Antes de abandonar el área, eche un vistazo al fragmento del Pilar Ashoka (No. 10), que se encuentra a la derecha de la torana sur de la Estupa 1. Ashoka erigió columnas como esta en todo el imperio, marcando lugares sagrados y rutas de peregrinación. El pilar suavemente pulido (hecho, como todos los pilares de Ashoka, de un tipo de piedra arenisca conocida como chunar, que proviene del nombre de una cantera en el Ganges cerca de Varanasi) estuvo coronado por un magnífico capitel en forma de león, que ahora se encuentra en el museo. La inscripción grabada alrededor de su base está en escritura Brahmi, que registra los edictos de Ashoka en diferentes idiomas.
vertiente occidental
Un tramo de escaleras cerca de la Estupa 1 conduce por la ladera occidental de la colina Sanchi hasta el pueblo, pasando por dos monumentos interesantes en el camino. Las partes inferiores de los gruesos muros de piedra de Vihara 51 fueron cuidadosamente restauradas de modo que sus restos revelan un patrón de división de la habitación en 22 celdas ubicadas alrededor de un patio central pavimentado. Más abajo, sobre una plataforma artificial, se levanta una iglesia que data del siglo II a.C. mi.
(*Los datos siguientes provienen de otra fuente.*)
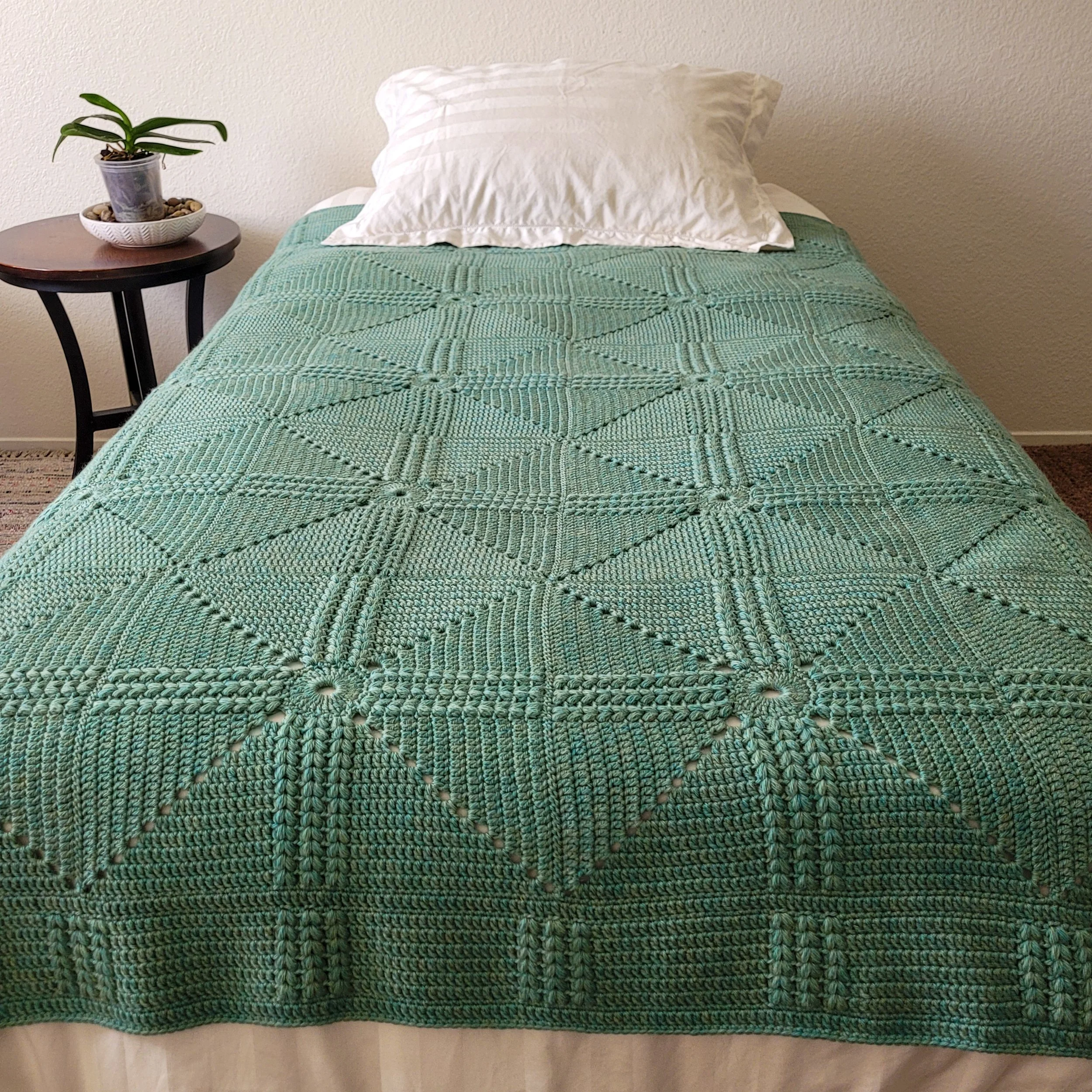 The sample shown here was made with a G/6/4.00mm crochet hook and Cascade Yarns Cascade 220 medium (worsted) weight 100% wool (3.53 oz/220 yds/100 g per hank) in the color #1003 Aventurine Heather. The project required 20 hanks of this yarn.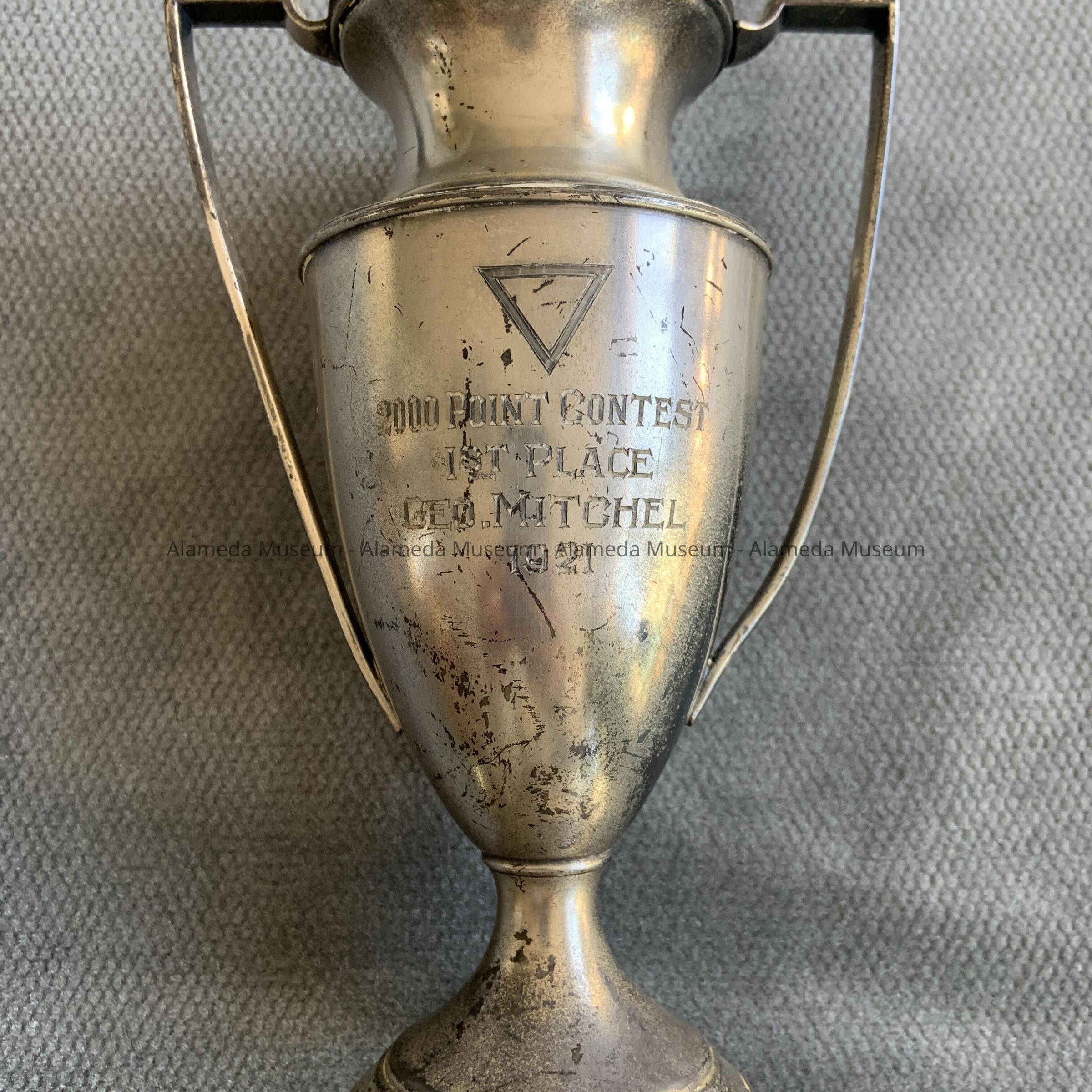 TROPHY AWARDED TO GEORGE MITCHELL, FIRST-PLACE WINNER IN THE 2,000-POINT CONTEST AND DATED 1921.

La Estupa 2 está ubicada mucho más abajo que el área principal, tal vez porque las reliquias que contiene eran menos importantes que las de las Estupas 2 y 1. Los setos y puertas ornamentados que la rodean ciertamente no se comparan con los que se encuentran en la cima de una colina. aunque vale la pena ver los medallones de loto tallados y los animales míticos (incluidas algunas extravagantes figuras femeninas con cabeza de caballo). Se cree que las rayas que cuelgan de las sillas de algunos jinetes representan los primeros estribos de la India. Los diseños de loto que decoran la pared interior del santuario son notables porque ninguna flor es igual.
Museo arqueologico
El pequeño Museo Arqueológico Sanchi (todos los días excepto los viernes, de 10.00 a. m. a 17.00 p. m.; 5 rupias), ubicado justo detrás del quiosco de boletos a la izquierda de la carretera en la cima de la colina, alberga una pequeña colección de curiosidades, en su mayoría fragmentos de esculturas recuperadas de una serie de excavaciones. La sala principal del museo contiene las piezas más impresionantes, incluido el famoso capitel del león que una vez coronó el pilar erigido por Ashoka (ver arriba), así como dos shalabhanjikas dañadas de la puerta de la Estupa 1. También son notables el distintivo color rojo de Mathurana. Estatuas de Buda de arenisca, enviadas a Sanchi, se cree, desde Gandhara, en el extremo noroeste de la India, el lugar donde aparecieron por primera vez las imágenes figurativas del Maestro. Los mejor conservados datan del período Gupta, alrededor del siglo IV d.C. mi. La galería 4 contiene otras grandes piezas de escultura, y las secciones restantes muestran exhibiciones más pequeñas: estatuillas votivas de terracota, paneles de piedra, joyas, cerámica, armas y herramientas.